My bill sought to include more accurate fiscal year 2025 revenue projections from the outset to fund the electricity credit extension, rather than relying on excess revenues from the fiscal year that had just begun.

I understand Governor Lou Leon Guerrero’s reservations about the precedent set by appropriating funds based on projected excess revenues in FY 2025. If we expect excess revenue, shouldn’t it be part of budget forecasts and allocated accordingly?

The passage of House Bill 355-37 highlights a flaw in our budget process: revenue projections that are consistently too conservative. For fiscal year 2024, our tax collections reached $1,058,616,619, far exceeding our original projection of $149 million.

This was not a windfall, but a predictable outcome, given economic indicators indicating rising incomes due to military buildup.

The same downward projection is evident in the FY 2025 budget, and while this cautious approach may seem fiscally conservative, it results in reactive, chaotic spending as we pocket “excess revenue” during the year as it is received, and non-deliberative and planned. budget process.

House Bill 357-37, my proposal to extend the energy credit, sought to address this issue by increasing fiscal year 2025 revenue projections to include the energy credit as a planned part of the budget, providing stability for our residents.

However, the final version of the bill, 355-37, instead decided to appropriate funds from “FY 2025 excess revenues,” functionally the same revenues we expect, but creating an unsound budgetary precedent for appropriating unrealized, unplanned excess revenues. Any business owner will tell you that running a business is impossible.

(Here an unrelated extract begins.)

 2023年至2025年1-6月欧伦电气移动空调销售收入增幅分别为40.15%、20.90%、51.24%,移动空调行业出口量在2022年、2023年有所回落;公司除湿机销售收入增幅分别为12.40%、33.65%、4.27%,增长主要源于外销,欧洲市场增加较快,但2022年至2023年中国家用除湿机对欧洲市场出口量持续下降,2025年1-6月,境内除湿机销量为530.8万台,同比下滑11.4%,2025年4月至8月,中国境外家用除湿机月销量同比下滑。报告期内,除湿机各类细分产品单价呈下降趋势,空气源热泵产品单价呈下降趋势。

Despite a sluggish tourism sector that has yet to reach pre-pandemic levels, the local economy is benefiting from a surge in construction activity and federal spending that is generating reliable tax revenue. These factors and actual revenue tracking indicate that revenue expectations exceed fiscal year 2025 budget projections.

To break this cycle of underestimation and reactive spending, we must consider more accurate, data-driven forecasts that take into account federal spending, construction growth, and actual revenue tracking so we can make strategic decisions that will prioritize the needs of our people from the beginning .

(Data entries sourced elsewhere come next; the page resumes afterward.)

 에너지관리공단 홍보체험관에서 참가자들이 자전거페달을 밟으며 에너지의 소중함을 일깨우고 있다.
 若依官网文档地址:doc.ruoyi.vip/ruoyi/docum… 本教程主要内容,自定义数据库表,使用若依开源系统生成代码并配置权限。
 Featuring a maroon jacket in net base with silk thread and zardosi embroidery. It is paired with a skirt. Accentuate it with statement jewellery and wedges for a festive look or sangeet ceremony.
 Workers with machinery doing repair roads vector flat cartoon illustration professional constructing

Bill 357-37 was an attempt to move us in this direction by including an extension of the energy credit in the budget using revised and more realistic revenue projections.

The current approach, based on calculating and projecting excess revenues, perpetuates uncertainty and prevents us from committing to long-term programs that provide tangible benefits to residents.

I fight so hard for this because energy credits are not only a financial relief measure for households, they also act as a Keynesian economic stimulus that supports broader economic activity in the absence of our pre-pandemic tourist numbers.

In 27 months, the energy credits have put money back into the hands of residents, who then spend it at local grocery stores, restaurants and other small businesses. This spending stimulates the local economy, helping to offset the economic shortfall caused by continued low levels of tourism.

Consider this: If families didn’t receive a $100 monthly credit, they would have to allocate that amount to their energy bills, reducing their discretionary spending. For many local businesses, that $100 can make a significant difference.

This translates into dining at local restaurants, shopping at local stores, and shopping that keeps businesses afloat. During the critical Christmas season, when many small businesses rely on consumer spending to keep them going through the tough months, this incentive becomes even more important.

If the Governor were to issue a line-item veto of the power credits, as Bill 355-37 did, I implore the Legislature to consider extending the power credit through House Bill 357-37 to include financial relief in a stable, realistic budget plan. The benefits of this expansion support consumer spending, which keeps our local economy growing.

If we fail to recognize the true state of our economy and continue to underestimate income, we will remain in a cycle of reactive management that is unable to effectively prioritize our people.